-- Exercise materials follows --

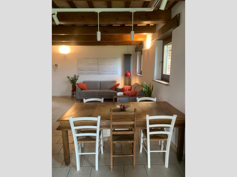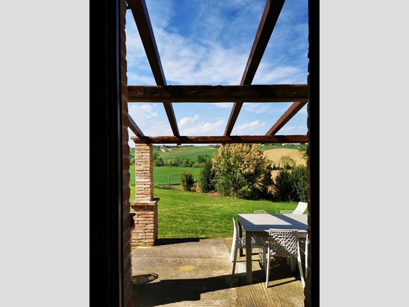 Il casale e' immerso in una corte di mq 4800 circa ed e' stato sapientemente ristrutturato con attenzione al recupero dei materiali, travi antiche, mattoni, pianelle e porte interne con il tipico saltarello marchigiano. La metratura della casa principale e' di circa 257 mq
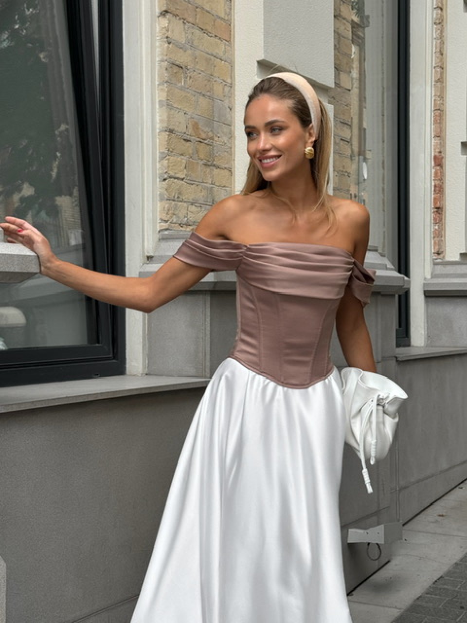 Корсет виготовлений з високоякісного атласу. Атлас щільний та еластичний. Він не деформується, не мнеться та не втрачає свого первісного вигляду. Ідеальний для вечірніх образів.
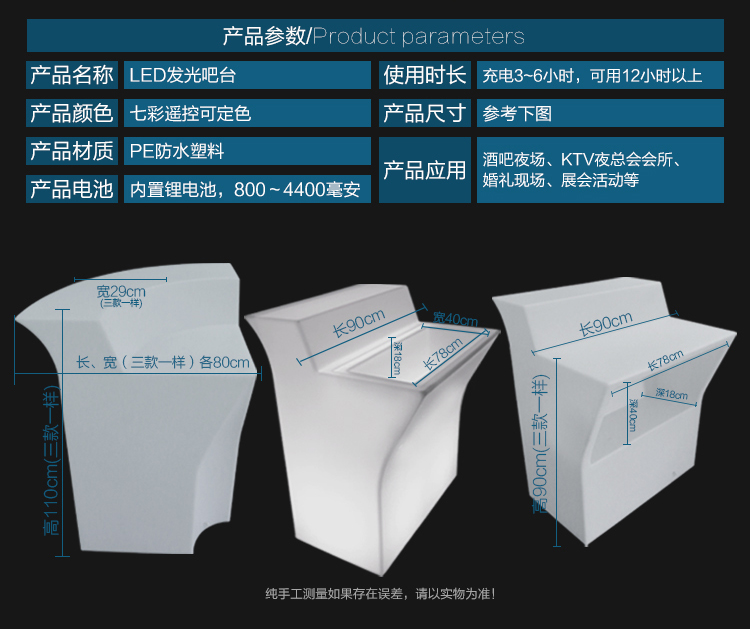 直销led七彩酒吧吧台ktv夜店七彩遥控发光家具吧台组合 产品详情
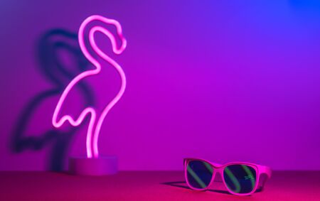 Summer time with flamingo,sunglasses refection neon pink and blue and green light on table with copy space.Trendy vacation holiday background
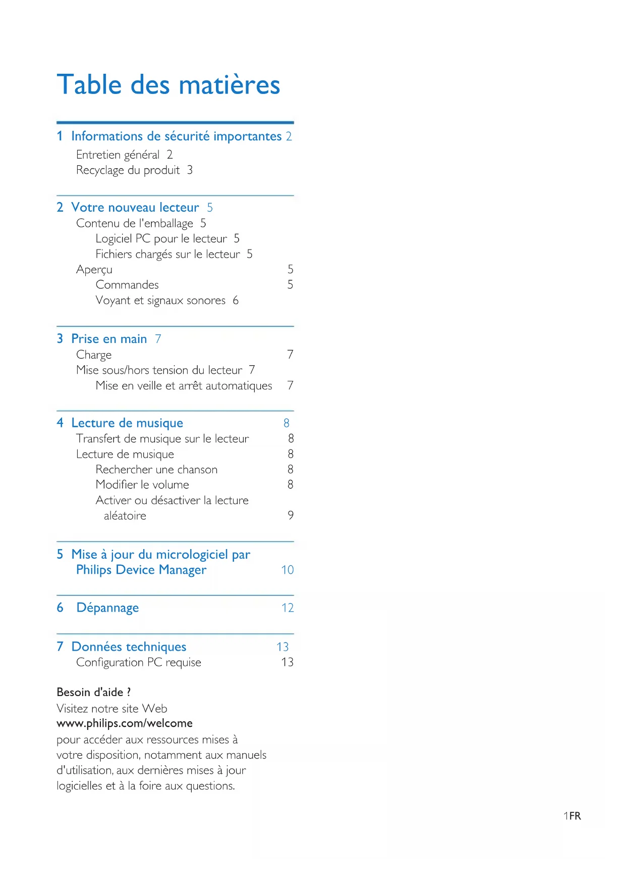 www.philips.com/welcome Mode d'emploi Toujours là pour vous aider Enregistrez votre produit et obtenez de l'assistance sur le site Des questions ? Contactez Philips Des questions ? Contactez Philips SA5DOT GoGEAR1FR Table des matières 1 Informations de sécurité importantes 2 Entretien général 2 Recyclage du produit 3 2 Votre nouveau lecteur 5 Contenu de l'emballage 5 Logiciel PC pour le lecteur 5 Fichiers chargés sur le lecteur 5 Aperçu 5 Commandes 5 Voyant et signaux sonores 6 3 Prise en main 7 Charge 7 Mise sous/hors tension du lecteur 7 Mise en veille et arrêt automatiques 7 4 Lecture de musique 8 Transfert de musique sur le lecteur 8 Lecture de musique 8 Rechercher une chanson 8 Modier le volume 8 Activer ou désactiver la lecture aléatoire 9 5 Mise à jour du micrologiciel par Philips Device Manager 10 6 Dépannage 12 7 Données techniques 13 Conguration PC requise 13 Besoin d'aide ? Visitez notre site Web www.philips.com/welcome pour accéder aux ressources mises à votre disposition, notamment aux manuels d'utilisation, aux dernières mises à jour logicielles et à la foire aux questions.2 FR 1 Informations de sécurité importantes Entretien général La traduction de ce document est fournie à titre indicatif uniquement. En cas d'incohérence entre la version anglaise et la traduction, la version anglaise prévaut. Attention • Pour éviter tout endommagement ou mauvais fonctionnement : • Utilisez uniquement des alimentations indiquées dans le manuel d'utilisation.
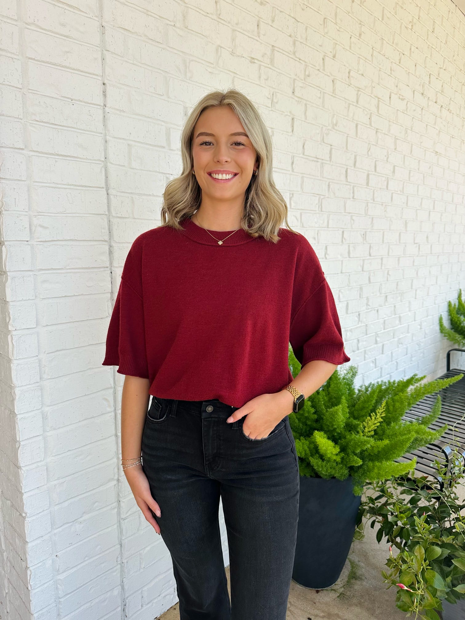Mona Solid Short Wide Sleeve Pullover Sweater
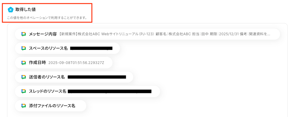 テストが成功すると取得した値が表示され、先ほど送信したGoogle Chatのデータが確認できます。 「保存する」をクリックして完了です!
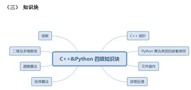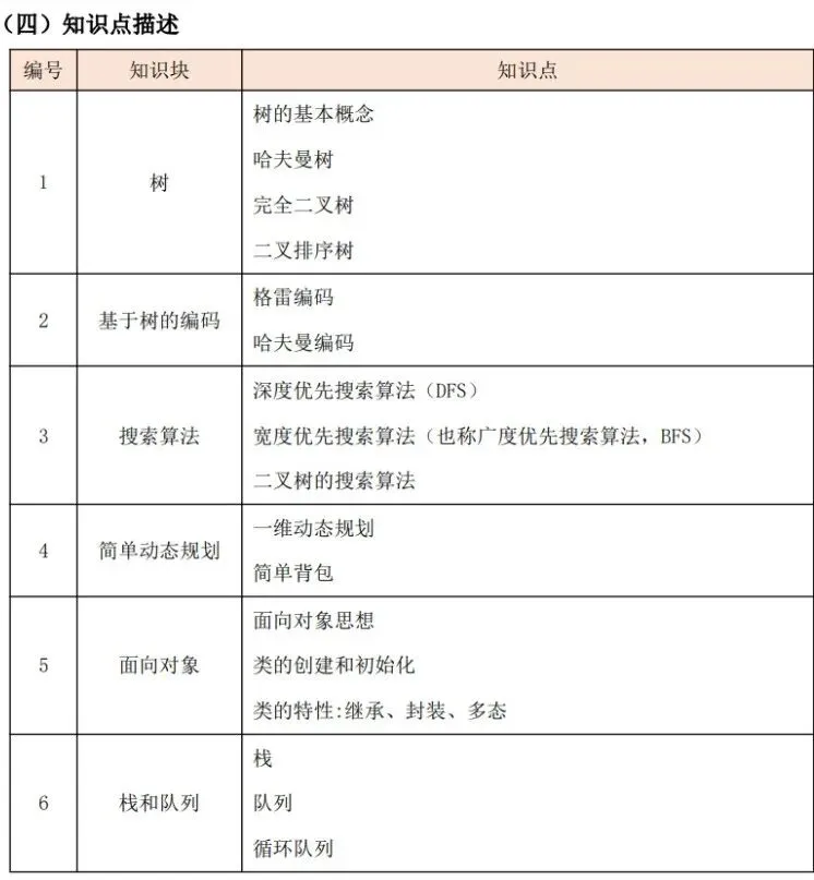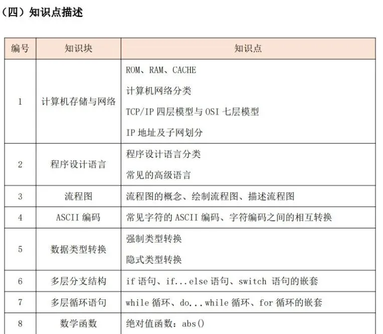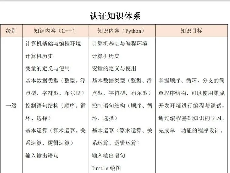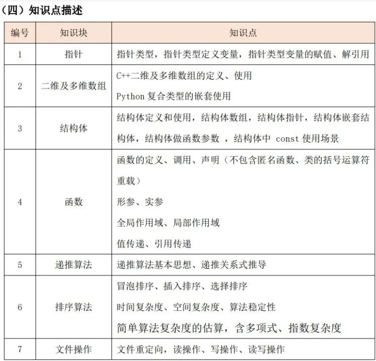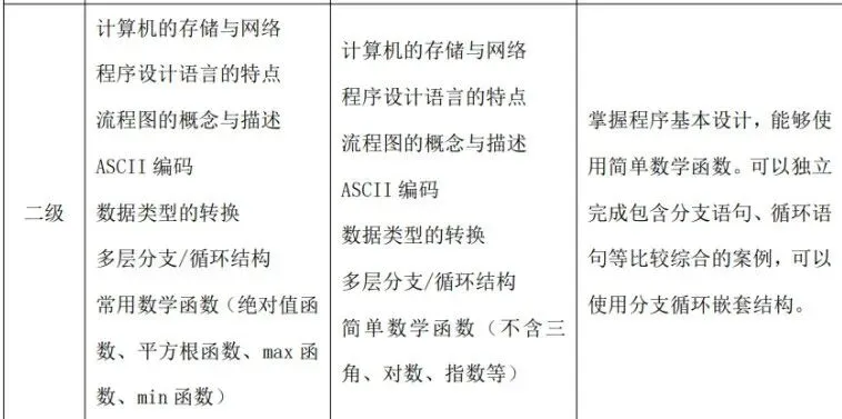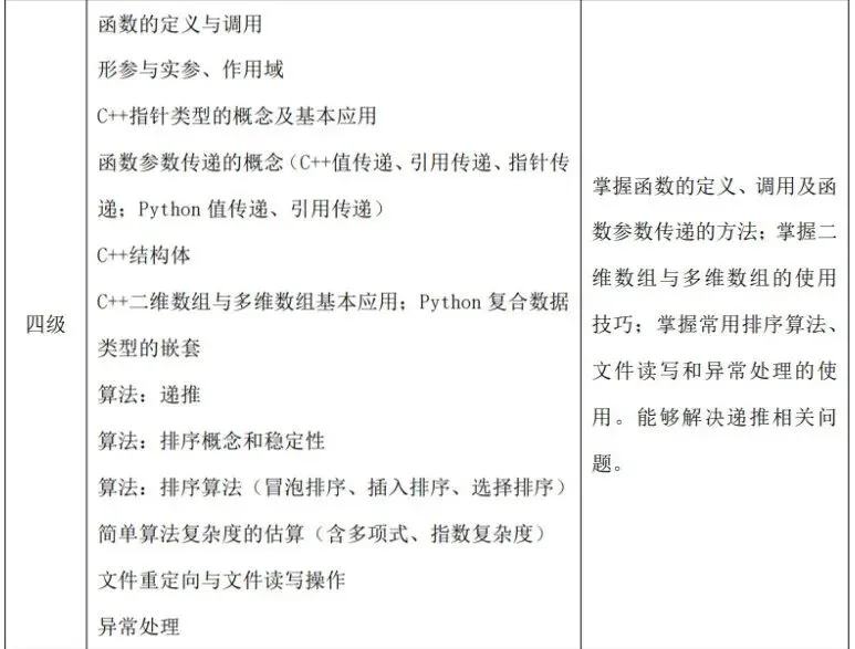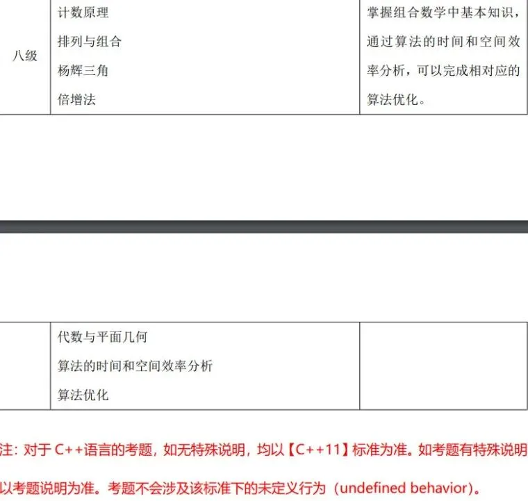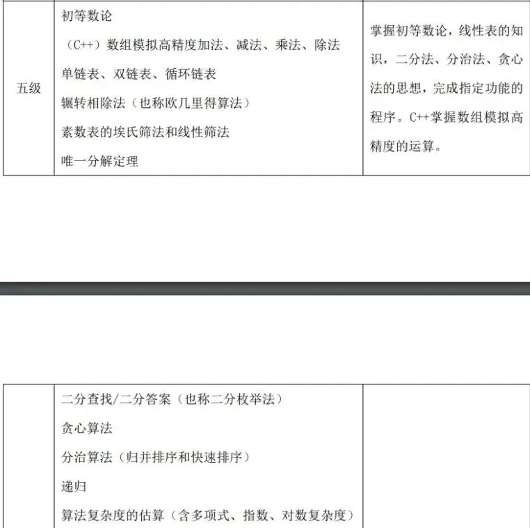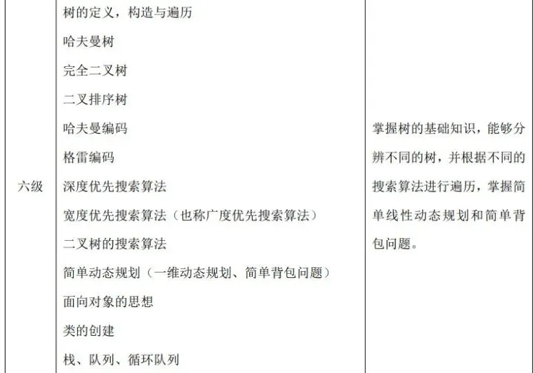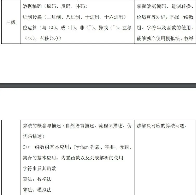 (1)了解计算机存储的基本概念及分类,了解随机存储器(RAM)、只读存储器(ROM)和高速缓冲存储器(Cache)的功能及区别。 (2)了解计算机网络的概念,了解计算机网络的分类(广域网(WAN)、城域网(MAN)、局域网(LAN)),了解计算机网络的层级结构及作用(TCP/IP 四层模型与OSI 七层模型),了解不同层级的重要协议,了解 IP 地址及子网划分。(3)了解程序设计语言的几大分类及特点(机器语言、汇编语言、高级语言),了解常见的高级语言(C++、Python 等)。 (4)了解流程图的概念及基本表示符号,掌握绘制流程图的方法,能正确使用流程图描述程序设计的三种基本结构。 (5)了解编码的基本概念,了解 ASCII 编码原理,能识别常用字符的ASCII码(空格:32、“0”:48、“A”:65、“a”:97),并掌握 ASCII 码和字符之间相互转换的方法。 (6)掌握数据类型的转换:强制类型转换和隐式类型转换。(7)掌握多层分支结构,掌握 if 语句、if...else 语句、switch 语句,及相互嵌套的方法。 (8)掌握多层循环结构,掌握 for 语句、while 语句、do...while 语句,及相互嵌套的方法。 (9)掌握常用的数学函数:绝对值函数、平方根函数、最大值函数、最小值函数、随机数函数理解相应的算法原理。 (二)考核目标 通过计算机基础知识的学习,了解计算机的存储与网络知识、程序设计语言分类及特点、常见的编程语言和绘制流程图的方法。通过 C++知识的学习,掌握数据类型的转换方法及数学库函数的使用,可以独立完成多分支结构与循环结构的程序。 C++&Python 编程三级标准(一)知识点详述 (2)掌握数据的进制转换:二进制、八进制、十进制、十六进制。(3)掌握位运算:与(&)、或(|)、非(~)、异或(^)、左移(<<)、右移(>>)的基本使用方法及原理。 (4)了解算法的概念与描述,熟练运用自然语言、流程图、伪代码方式来描述算法。(5)C++一维数组基本应用(不包括变长数组);Python 列表、字典、元组、集合的基本应用、内置函数以及列表解析的使用. (6)掌握字符串及其函数的使用包括但不限于大小写转换、字符串搜索、分割、替换。 (7)理解枚举算法、模拟算法的原理及特点,可以解决实际问题。(8)理解模拟算法、模拟算法的原理及特点,可以解决实际问题。掌握计算机中常用进位制、位运算及数据编码的知识,掌握一维数组、字符串类型及其函数的使用,掌握枚举法、模拟法的原理和运用技巧,对于较简单的实际问题能构造算法、描述算法、实现算法并调试程序。 【出售告之】CSP-S 《数据结构与算法》课件正式起售……
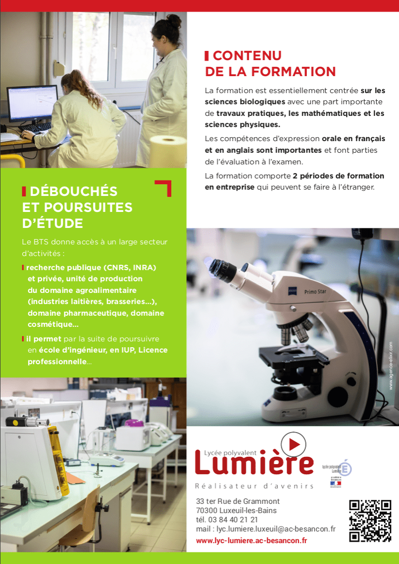 Nouveau BTS en Biotechnologie
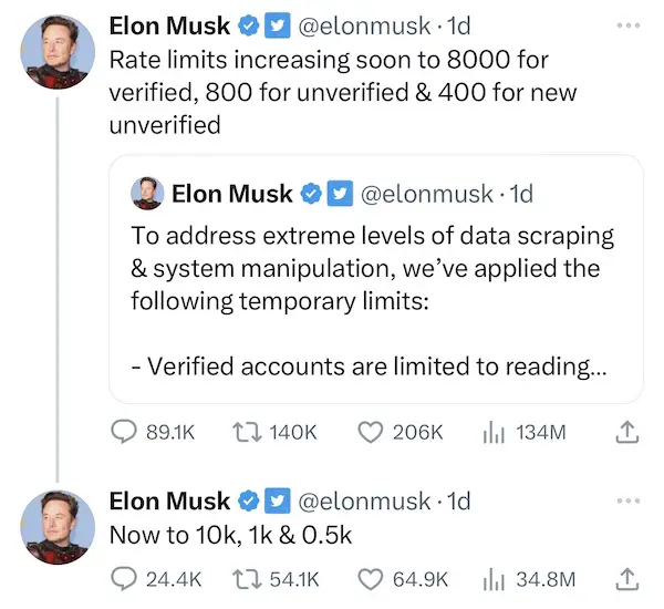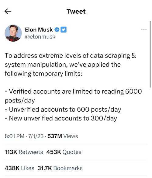 This new limitation has been confirmed by Elon Musk himself in the below screen captured tweet:
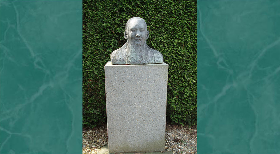 Confusius beeld op sokkel

-- Exercise materials concluded --

Task goal |
Quote only what lies between the first line of the records and the line containing "Summer time with", please, including both lines and excluding images.

Reply |
 Il casale e' immerso in una corte di mq 4800 circa ed e' stato sapientemente ristrutturato con attenzione al recupero dei materiali, travi antiche, mattoni, pianelle e porte interne con il tipico saltarello marchigiano. La metratura della casa principale e' di circa 257 mq
 Корсет виготовлений з високоякісного атласу. Атлас щільний та еластичний. Він не деформується, не мнеться та не втрачає свого первісного вигляду. Ідеальний для вечірніх образів.
 直销led七彩酒吧吧台ktv夜店七彩遥控发光家具吧台组合 产品详情
 Summer time with flamingo,sunglasses refection neon pink and blue and green light on table with copy space.Trendy vacation holiday background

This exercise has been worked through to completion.